Мы, повторяю, прилетели. И тут же пришлось отказаться от посещения Киева и настоять на немедленной поездке в Чернобыль. И лучше — побыстрее.
Однако побыстрее не получилось. По дороге останавливались в тех экологически чистых населенных пунктах, куда вывезли часть жителей Припяти. Вопросов с их стороны было, естественно, много. Но отмечу факт, который сейчас может и удивить: явственное ощущение спокойствия. Сегодня не без горечи думаю: спокойствие — дитя как раз незнания. Взрыв был внешне страшен, но одномоментен. Главная опасность входила в жизнь людей медленно, неуклонно, но абсолютно невидимо. Незаметно. Людям еще только предстояло осознать беду.
Помню старушку, которая искренне жаловалась мне: «Такую хорошую картошку пришлось бросить! Хотела хоть мешок взять — не дали, «грязная», говорят. А какая ж она грязная? Картошка и картошка…» Впрочем, может, эту старушку я не в тот раз встретил, может, в следующий мой приезд. Да какая разница. Сколько людей и поныне у нас не понимают, недооценивают угрозу радиационного заражения! Одни теперешние коммерческие операции с радиоактивными материалами чего стоят!
Штаб Правительственной комиссии осел в здании райкома партии. Нас уже ждали. Об обстановке коротко рассказали Щербина, Легасов, Майорец, Велихов, председатель Госгидромета Израэль. Потом медики выступили, химики о своих проблемах, а вернее, об общих.

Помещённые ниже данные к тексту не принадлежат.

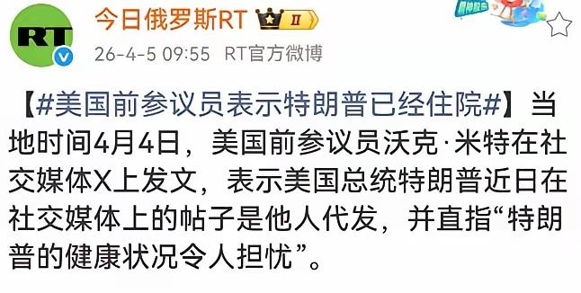 最近美国政坛又出大新闻了!4月4号那天,前参议员沃克·米特突然在社交媒体上连发几条消息,说特朗普身体状况特别差,已经住进沃尔特·里德医疗中心,甚至可能“随时会挂”。

Легасов в воспоминаниях абсолютно прав: мы во всем ориентировались только на мнения специалистов. Но был вопрос, который предстояло решить именно нам. Мне. На стол легла крупномасштабная карта, на которой нанесена была неровная, уродливая клякса — Зона опасного радиоактивного поражения, откуда следовало эвакуировать жителей. Если ткнуть иглой циркуля в точку с надписью «Чернобыль» и провести окружность радиусом в 30 километров, то самые длинные и тонкие «языки» Зоны уперлись бы в нее. Правда, в очерченном круге оставались и не попавшие в Зону места, где уровень радиации, по представленной информации, позволял жить…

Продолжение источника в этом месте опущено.